University of Rhode Island Considering Rule to Prohibit Students from Publishing ‘Sensitive Material’ (@SPLC)

According to a new Student Press Law Center report, the University of Rhode Island is considering adding a policy to the student handbook that would “prohibit students from publishing photos or video of ‘sensitive material’ such as criminal or violent acts.”

School officials’ intentions are apparently noble, an attempt to stop or more easily punish any student engaging in the type of cyber bullying that led to Tyler Clementi’s death at Rutgers University in fall 2010.  But the policy itself troubles a number of interested parties.

SPLC attorney advocate Adam Goldstein dismisses the proposed rule as “vague and overbroad,” without any chance of being recognized by the courts.  The university’s student senate president separately criticizes it as a potential vehicle by administrators to “keep an incident quiet.”

Many questions remain: What exactly constitutes sensitive material?  And perhaps even more importantly, who decides?  Would it include students cursing up a storm?  Underage students drinking?  Students partying without a permit?  Jaywalking?  Saying bad things about the school?  Making out in public?  Roughhousing?  And why should the school have the right to censor or punish students for publishing a photo or video that would otherwise be allowable by law?  Separately, what about conflicts of interest in respect to censoring ‘sensitive’ incidents involving faculty or staff?  What about freedom of speech and freedom of the press?  And how will students who create satirical or fictional photos and videos involving sensitive material be dealt with?  Has the impact on student journalism and creative work even been considered?
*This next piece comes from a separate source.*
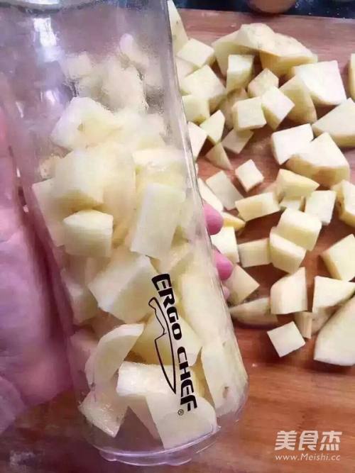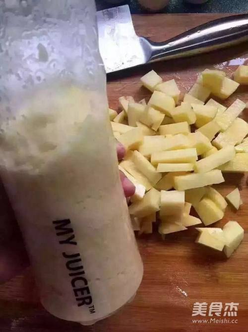 3打碎后加入适量的面粉搅拌均匀(马铃薯本身就有粉,所以不用加太多的面粉哦!)

My Take: The Clementi incident is a tough one to swallow, equally sad and infuriating.  But as the saying goes, hard cases make bad law.  In the words of Wikipedia, the saying’s “meaning is that a particularly unpleasant case is a poor basis for a general law which would cover a wider range of less extreme cases.”  To URI administrators, don’t let your emotions or intentions get in the way of student rights.  Drop the policy or dramatically flesh it out so that legal experts and others can better judge its merits.